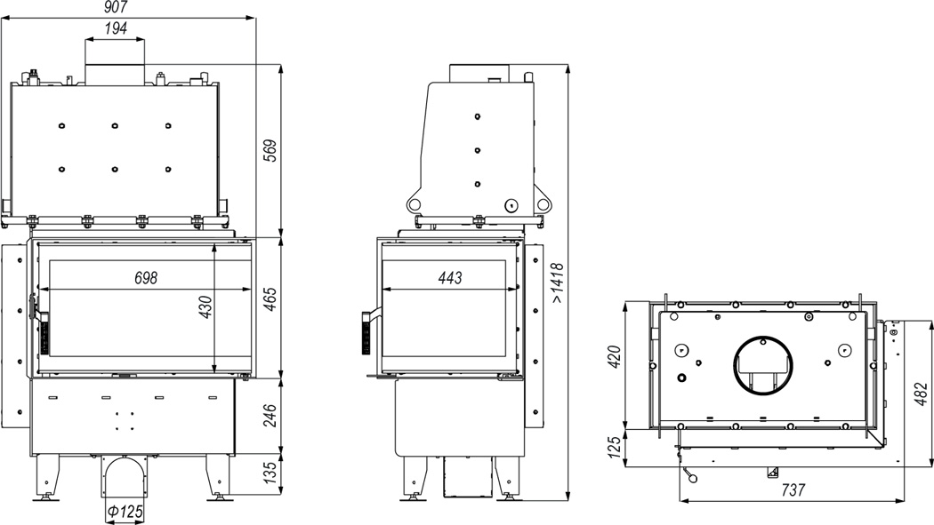 6 480,00 zł Dodaj do koszykaKominek powietrzny stalowy KRATKI LUCY prawy BS 12 kW Ø 200
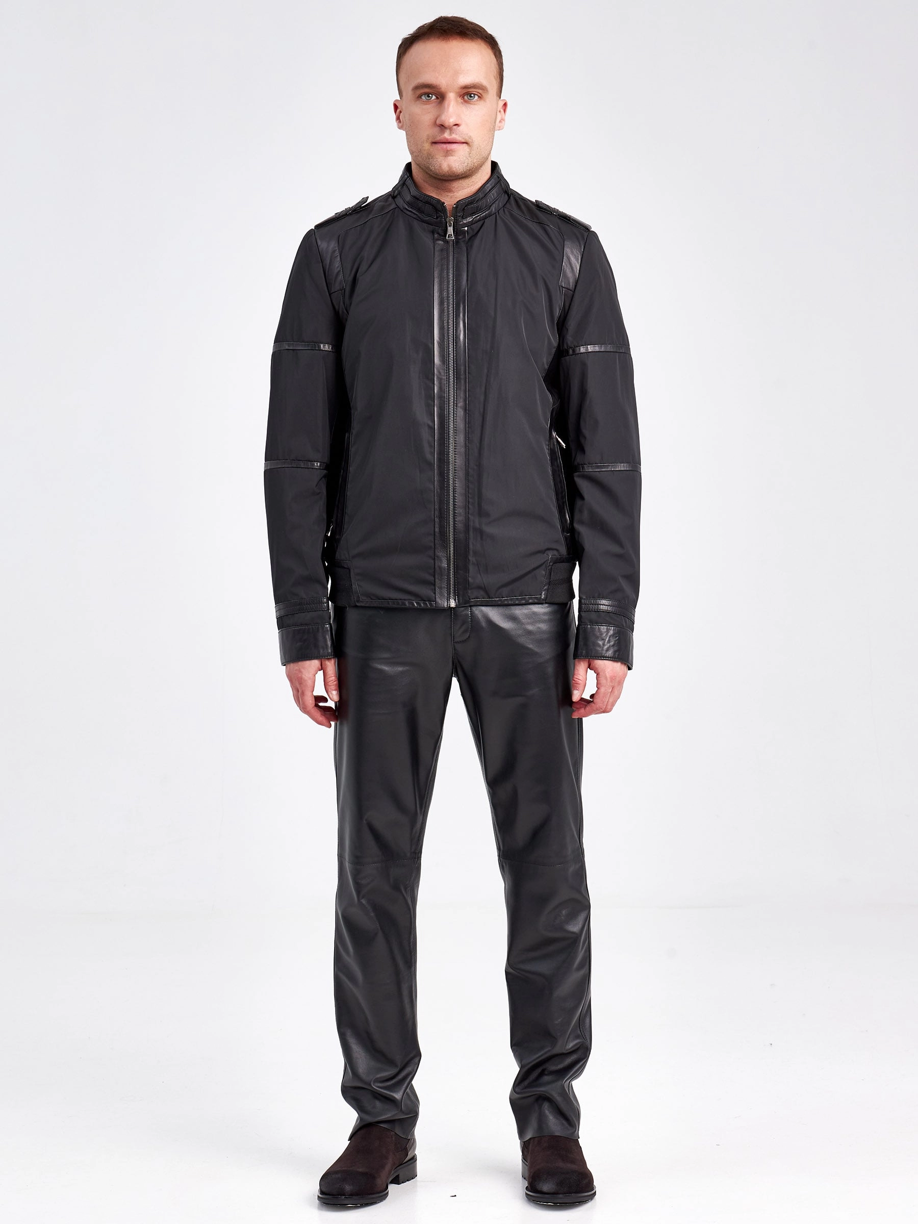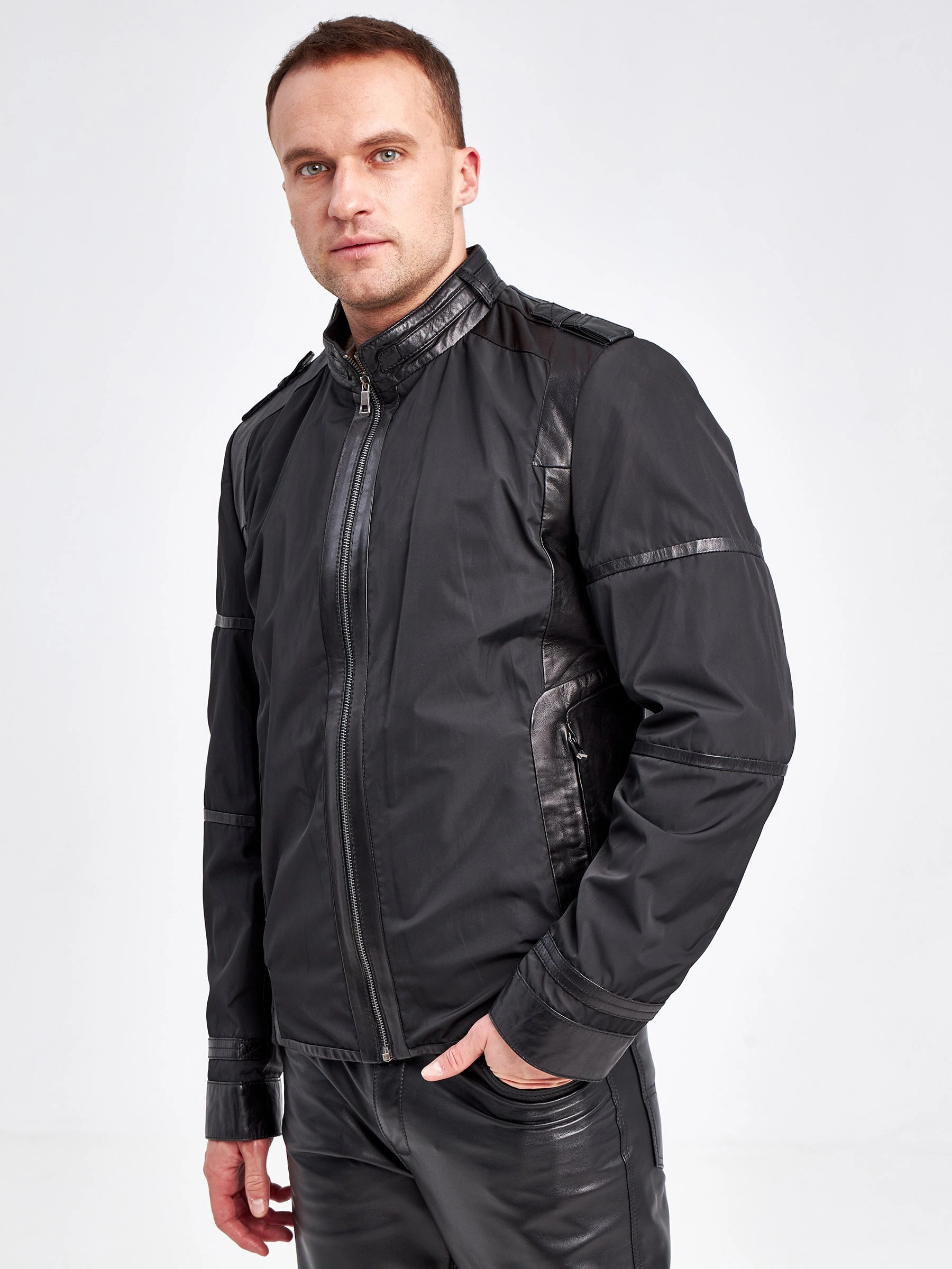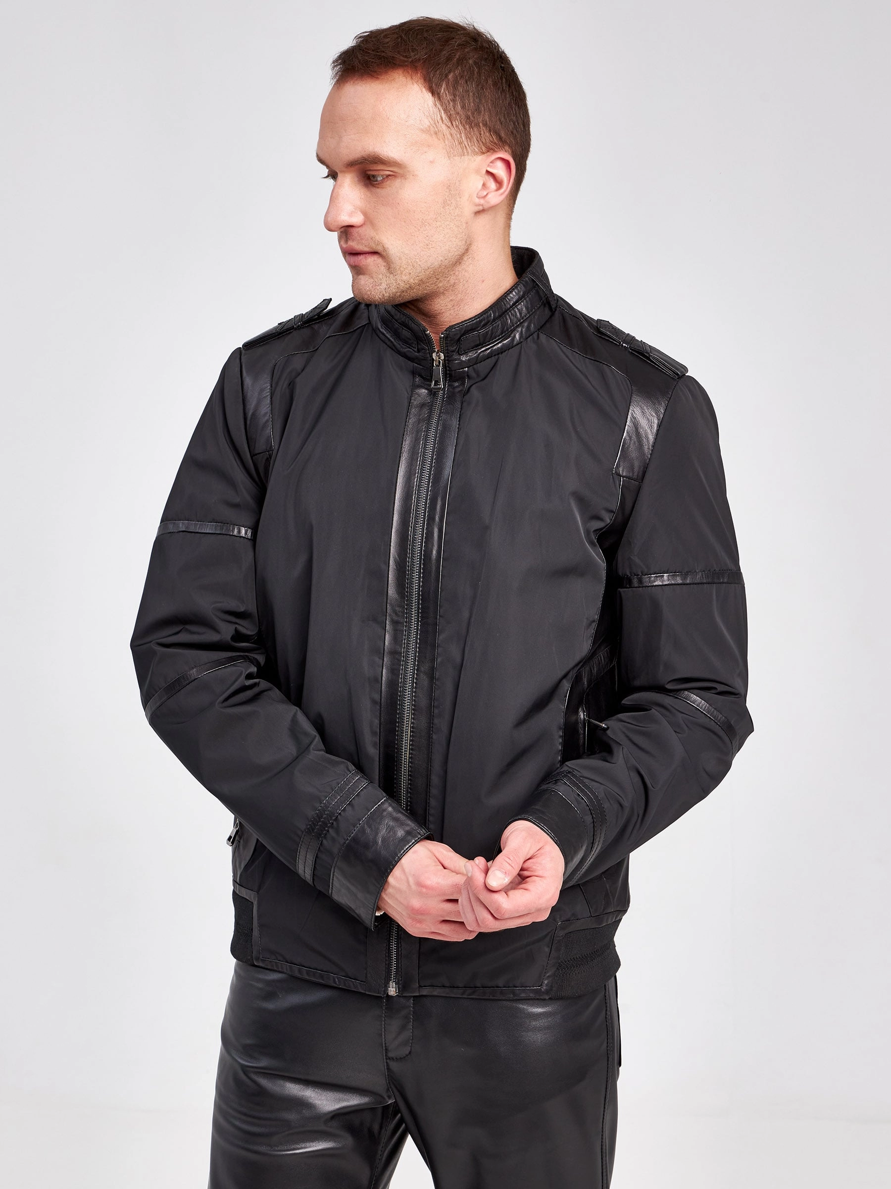 Современная мужская демисезонная куртка с отделками из натуральной кожи.
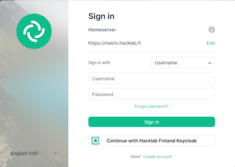 Hacklab.fi-kattojärjestö ylläpitää Matrix-palvelinta, johon pystyt kirjautumaan jäsenrekisterin tunnuksilla (SSO/Keycloak).
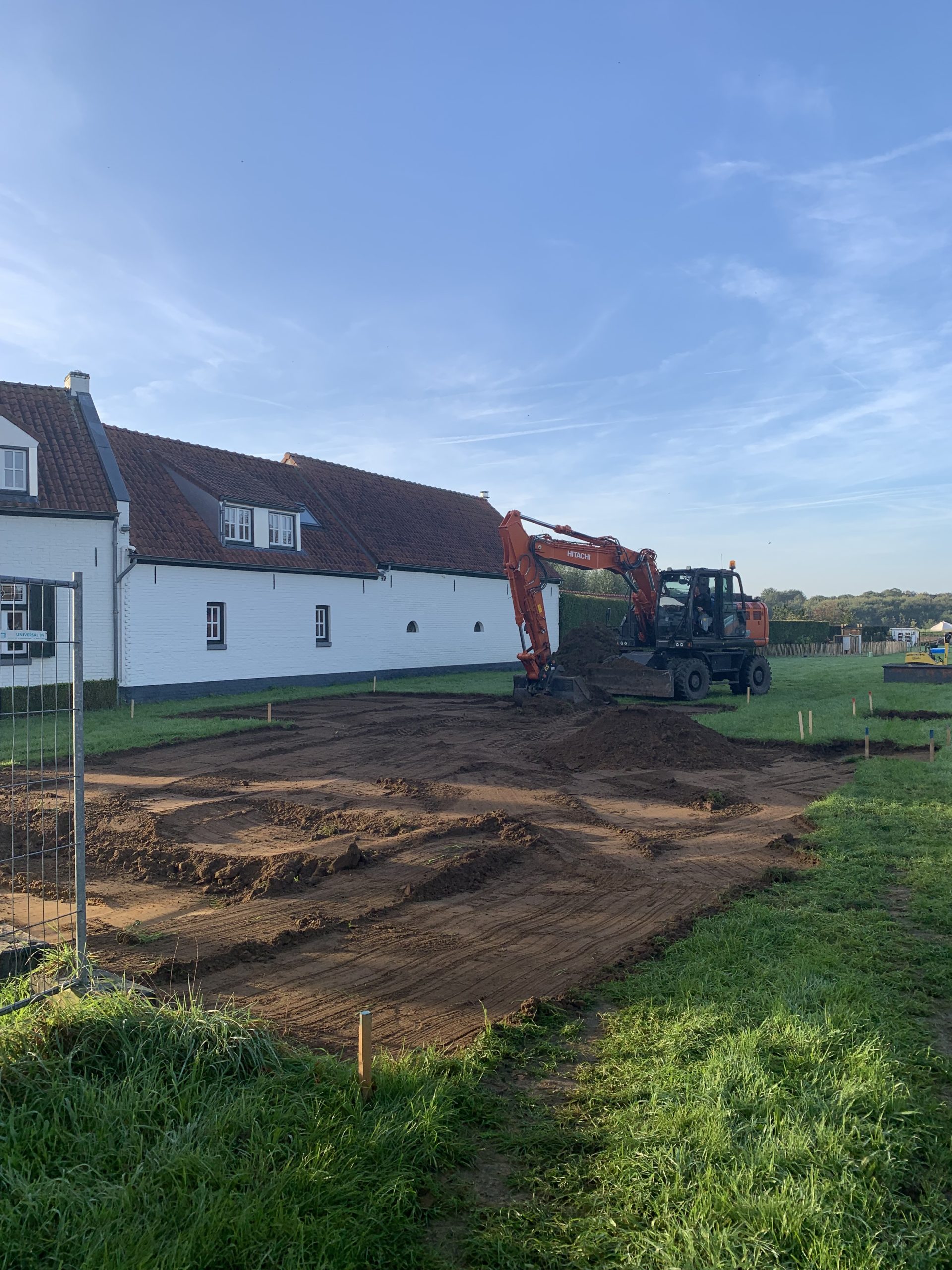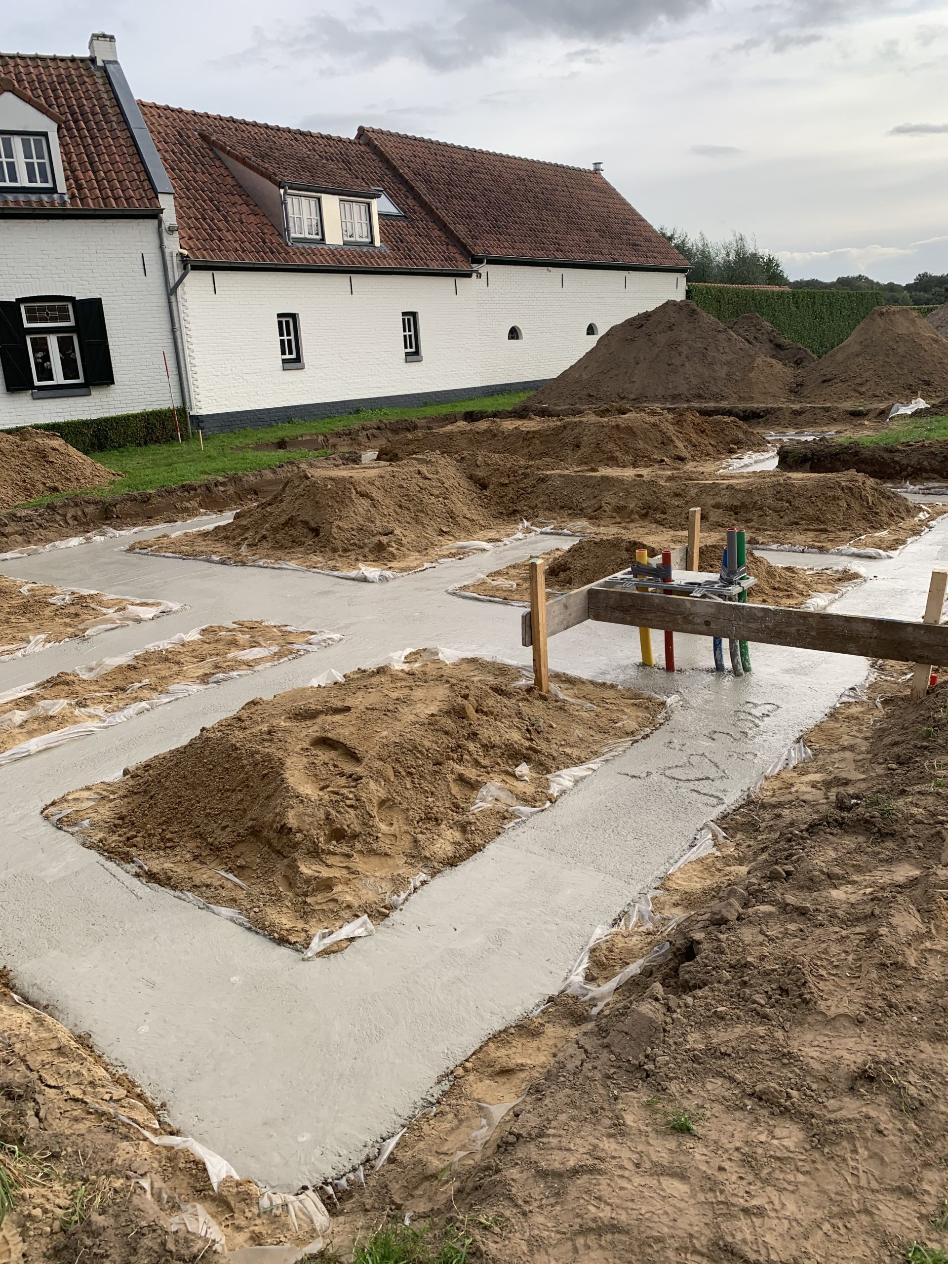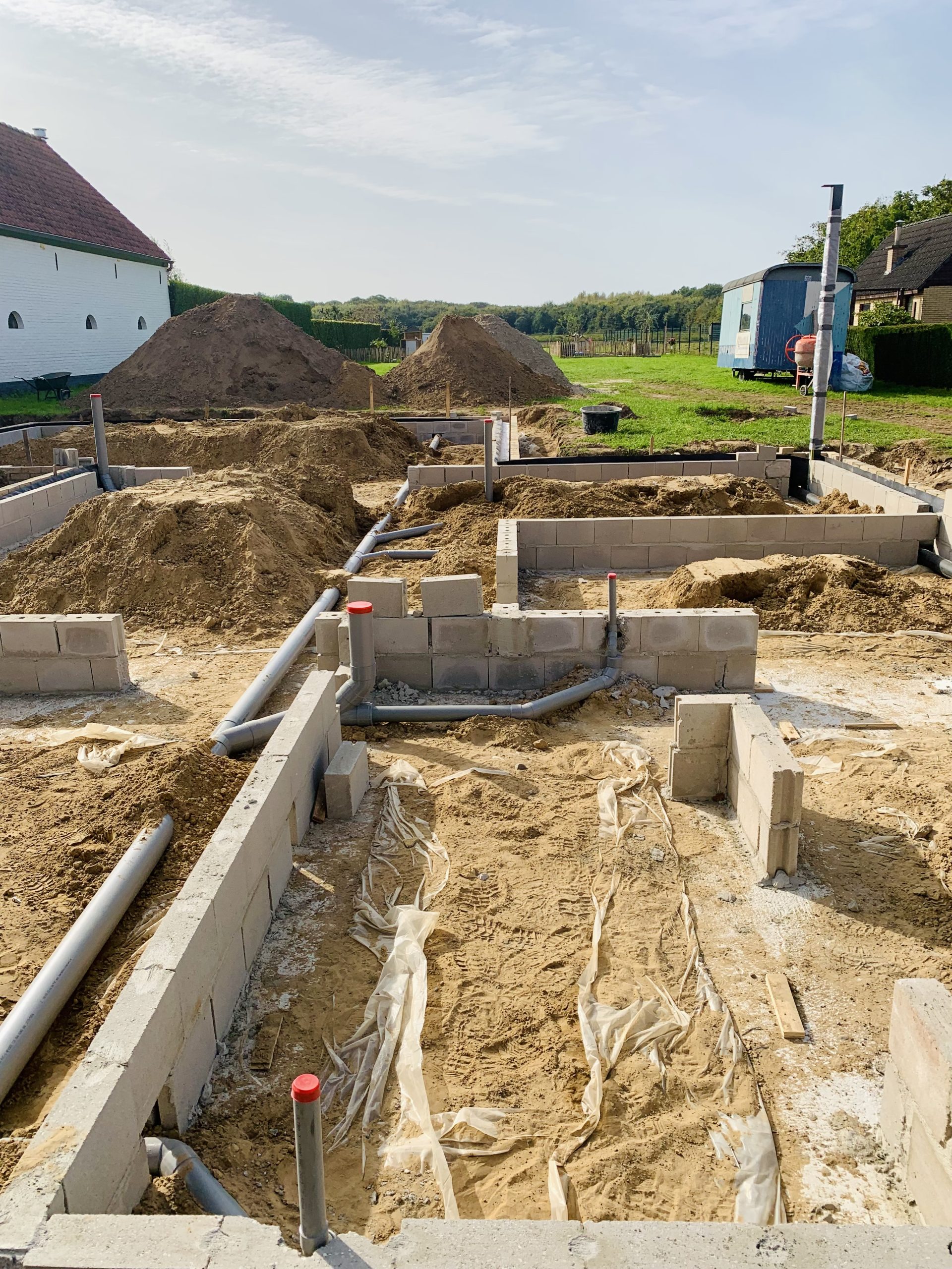 Op maandag 2 oktober 2023 start onze bouw! Als eerste met het grondwerk, al waren de paaltjes en alles al de weken ervoor uitgezet (net als het peil). Voor de muren wordt eerst de fundering gestort, waarop de eerste stenen worden gemetseld. Binnenmuur, folie, tempex en de buitenmuur. Dan volgt de installateur met riolering, warm en koud waterleidingen, leidingen voor de warmte-installatie en de eerste elektriciteit. Op een zaterdag halverwege oktober leggen we met een paar man tempex. Bedoeling is dat we grote platen als ‘vloer’ leggen. Dat betekent passen en meten en zagen – er staan immers als buiten- en binnen muren. Het is een leuke klus die binnen een paar uur is gepiept. De week erop worden eerst grote, blauwe pijpen aangelegd voor de wtw-installatie en daarna wordt de fundering gestort over de tempex heen. Ofja, er liggen ook staalmatten en bakstenen in.

-.-.-

For this copy, leave pictures out and reproduce the lines from the one bearing "Hacklab.fi-kattojärjestö ylläpitää Matrix-palvelinta, johon" through the final line of the listing above, both ends included.

• [Answer box]:
 Hacklab.fi-kattojärjestö ylläpitää Matrix-palvelinta, johon pystyt kirjautumaan jäsenrekisterin tunnuksilla (SSO/Keycloak).
 Op maandag 2 oktober 2023 start onze bouw! Als eerste met het grondwerk, al waren de paaltjes en alles al de weken ervoor uitgezet (net als het peil). Voor de muren wordt eerst de fundering gestort, waarop de eerste stenen worden gemetseld. Binnenmuur, folie, tempex en de buitenmuur. Dan volgt de installateur met riolering, warm en koud waterleidingen, leidingen voor de warmte-installatie en de eerste elektriciteit. Op een zaterdag halverwege oktober leggen we met een paar man tempex. Bedoeling is dat we grote platen als ‘vloer’ leggen. Dat betekent passen en meten en zagen – er staan immers als buiten- en binnen muren. Het is een leuke klus die binnen een paar uur is gepiept. De week erop worden eerst grote, blauwe pijpen aangelegd voor de wtw-installatie en daarna wordt de fundering gestort over de tempex heen. Ofja, er liggen ook staalmatten en bakstenen in.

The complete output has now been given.